Сталин и писатели Книга первая - Бенедикт Сарнов
Шрифт:
Интервал:
Закладка:
Едва ли многим известно, что он принимал участие в том, чтобы снять кандидатуру Горького на звание нобелевского лауреата. Он читал мне копию письма, посланного им, кажется, Эммануилу Людвиговичу Нобелю о том, что сделал Горький после своего вступления в партию коммунистов, о его посещении Соловков. В этом послании было кое-что новое даже и для меня. Думаю, что эта копия его хранится в его архиве.
За все эти годы я не слышала ни одной примирительной нотки его к большевикам.
(В.Н. Муромцева-Бунина. Воспоминания о В.Ф. Ходасевиче. В кн.: И.А. Бунин. Новые материалы. Выпуск 1. М. 2004. Стр. 217.)Ну, а что касается Горького, то надо еще иметь в виду, что Горький этого нового, советского периода был уже не тот Горький, каким он был до своего возвращения в СССР. Это был совершенно другой человек. Похожий и вместе с тем совсем не похожий на того, каким его помнили все, знавшие его раньше.

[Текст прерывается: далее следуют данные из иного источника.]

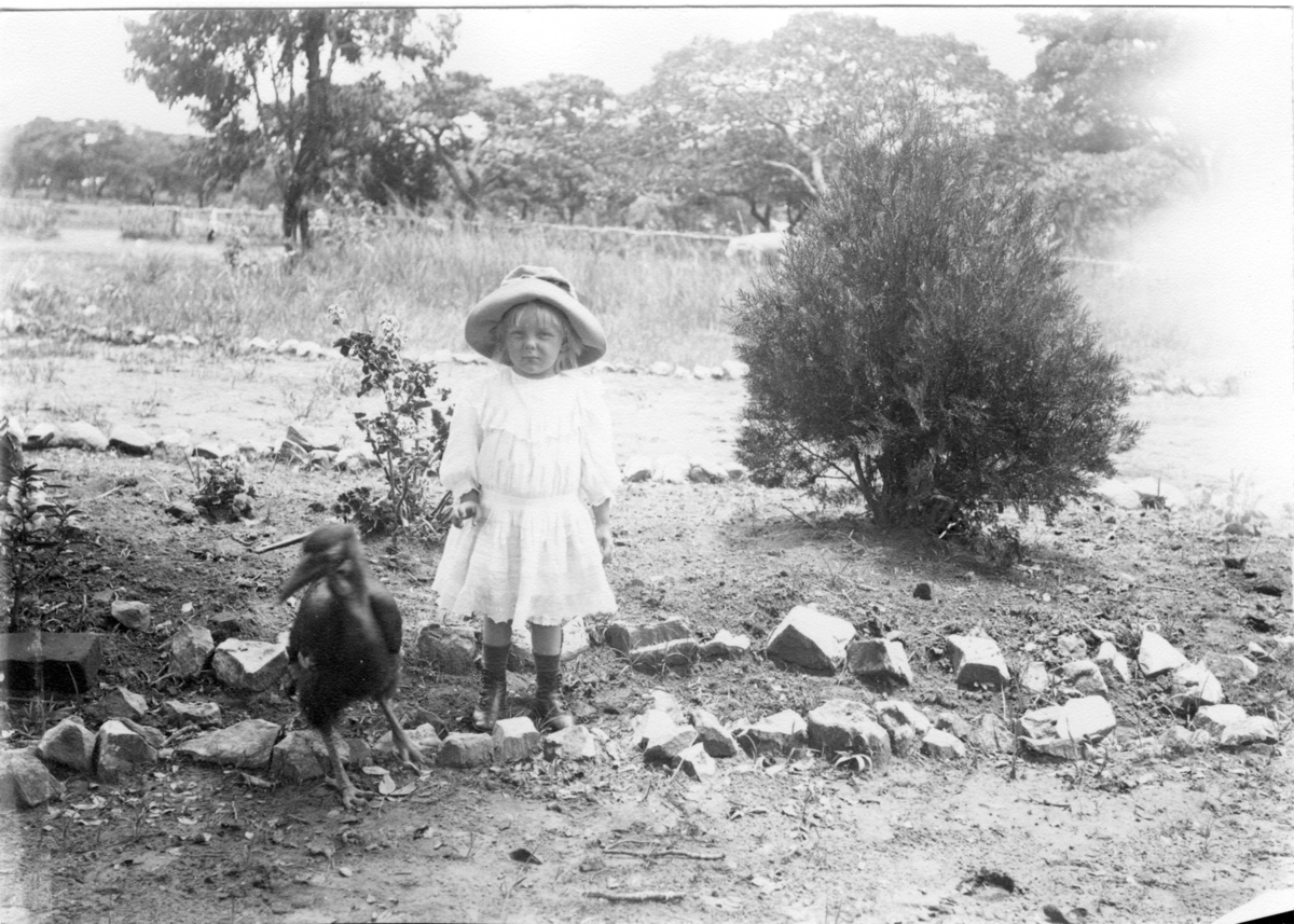 'Diverse fotografier från bl.a. dåvarande Nordrhodesia, nu Zambia, tagna av Konsul Magnus Leijer. :: :: En flicka stående vid en grusväg. Snett framifrån rör sig en fågel på marken. I bakgrunden, gräs, buskar och träd.'

Берберова даже считала, что в этот последний период своей жизни он был не вполне вменяем. Говоря попросту, — выжил из ума:
В письмах… попадаются иногда фразы, которые могут навести на сомнение: был ли Горький в последние годы своей жизни в здравом уме? Не был ли застарелый легочный туберкулез причиной некоторых перерождений его мозга? «Возможно, — писал он в связи с проектом переводов мировой литературы, — что некоторые книги нужно будет заново переписать или даже дописать, некоторые же сократить».
(Н. Берберова. «Железная женщина», стр. 250.)Идея и впрямь безумная. В особенности, если учесть, что среди авторов тех «некоторых книг», которые по его замыслу нужно будет заново переписать или даже дописать, вполне мог оказаться и Гомер, и Шекспир, и Стендаль, и Бальзак, и мало ли кто еще!
Свое предположение, что под конец жизни Алексей Максимович совсем сбрендил, Берберова подкрепляет еще такими фактами:
Горький хочет обязать Л. Никулина написать фактическую историю европейской культуры, т.е. историю быта племен и народов от Илиады и Гесиода до наших дней… «Сюда включаются конечно и малоазиатцы, арабы, норманны, германцы и Атилла»…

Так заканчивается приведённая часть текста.